Validation methods to study the consistency and quality of radio occultation electron density profiles: application to COSMIC

Abstract

Radio occultation (RO) is a relevant source of information from the atmosphere. Besides providing global coverage, due to the geometry of the data acquisition, RO provides measurements that can help to suppress gaps from other techniques. In this sense, RO data assimilation has potential to improve atmospheric products such as ionospheric models and numerical weather prediction. Constellation Observing System for Meteorology, Ionosphere and Climate (COSMIC) (2006-2020) has been one of the main RO missions, with significant number of atmospheric profiles available, especially considering the ionosphere.
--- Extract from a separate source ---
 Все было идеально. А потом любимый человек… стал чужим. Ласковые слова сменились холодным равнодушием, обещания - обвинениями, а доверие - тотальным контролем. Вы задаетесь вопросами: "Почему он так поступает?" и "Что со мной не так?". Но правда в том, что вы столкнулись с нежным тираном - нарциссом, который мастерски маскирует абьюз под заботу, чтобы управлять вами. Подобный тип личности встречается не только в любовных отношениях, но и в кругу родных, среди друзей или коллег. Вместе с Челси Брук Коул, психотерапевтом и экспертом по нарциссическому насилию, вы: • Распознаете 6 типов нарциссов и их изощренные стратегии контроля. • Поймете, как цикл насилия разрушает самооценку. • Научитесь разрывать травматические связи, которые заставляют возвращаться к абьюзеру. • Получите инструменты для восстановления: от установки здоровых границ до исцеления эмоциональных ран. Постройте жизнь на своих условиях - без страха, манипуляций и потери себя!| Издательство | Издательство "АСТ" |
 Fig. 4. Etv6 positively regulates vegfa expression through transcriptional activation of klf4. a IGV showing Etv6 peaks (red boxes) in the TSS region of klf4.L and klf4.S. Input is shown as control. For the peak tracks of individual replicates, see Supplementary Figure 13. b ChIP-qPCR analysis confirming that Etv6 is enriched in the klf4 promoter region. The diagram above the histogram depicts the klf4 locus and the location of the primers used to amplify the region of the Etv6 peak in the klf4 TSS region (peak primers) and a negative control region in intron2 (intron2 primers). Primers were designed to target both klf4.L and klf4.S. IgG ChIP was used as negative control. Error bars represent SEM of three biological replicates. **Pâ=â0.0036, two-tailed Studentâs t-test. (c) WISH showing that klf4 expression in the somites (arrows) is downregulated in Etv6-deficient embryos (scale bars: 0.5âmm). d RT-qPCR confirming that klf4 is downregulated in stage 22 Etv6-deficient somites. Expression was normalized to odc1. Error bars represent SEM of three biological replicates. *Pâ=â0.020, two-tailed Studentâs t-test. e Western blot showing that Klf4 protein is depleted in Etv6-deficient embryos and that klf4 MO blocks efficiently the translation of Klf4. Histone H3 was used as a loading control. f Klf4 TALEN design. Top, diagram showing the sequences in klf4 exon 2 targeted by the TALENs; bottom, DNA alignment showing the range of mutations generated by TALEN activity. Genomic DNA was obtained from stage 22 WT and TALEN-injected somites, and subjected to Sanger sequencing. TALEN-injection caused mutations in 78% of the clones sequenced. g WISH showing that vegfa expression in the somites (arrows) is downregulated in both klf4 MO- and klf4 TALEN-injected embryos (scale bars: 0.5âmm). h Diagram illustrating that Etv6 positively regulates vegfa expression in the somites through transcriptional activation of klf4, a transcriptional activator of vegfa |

The ionosphere is of special relevance because it can influence the accuracy of global navigation satellite systems (GNSS) and related applications. This way, the assessment and filtering of RO data is crucial in order to identify profiles with questionable information. Many investigations have been developed aiming to provide methods of validation for RO profiles, however, no clear methodology for filtering the RO data can be easily found. In this context, in this work, seven RO filtering methods are applied including manual filtering of noisy data and discrepancies considering the first principles-based Chapman model in a normal distribution. The set of strategies using the normal distribution criteria leads to large rates of profiles exclusion (close to 90 % in some scenarios), while in most of the cases the foF2 differences do not show improvement. On the other hand, the strategy with manual filtering, in general, excludes 35 % of the profiles, leading to gain of about 7 % in the foF2 error.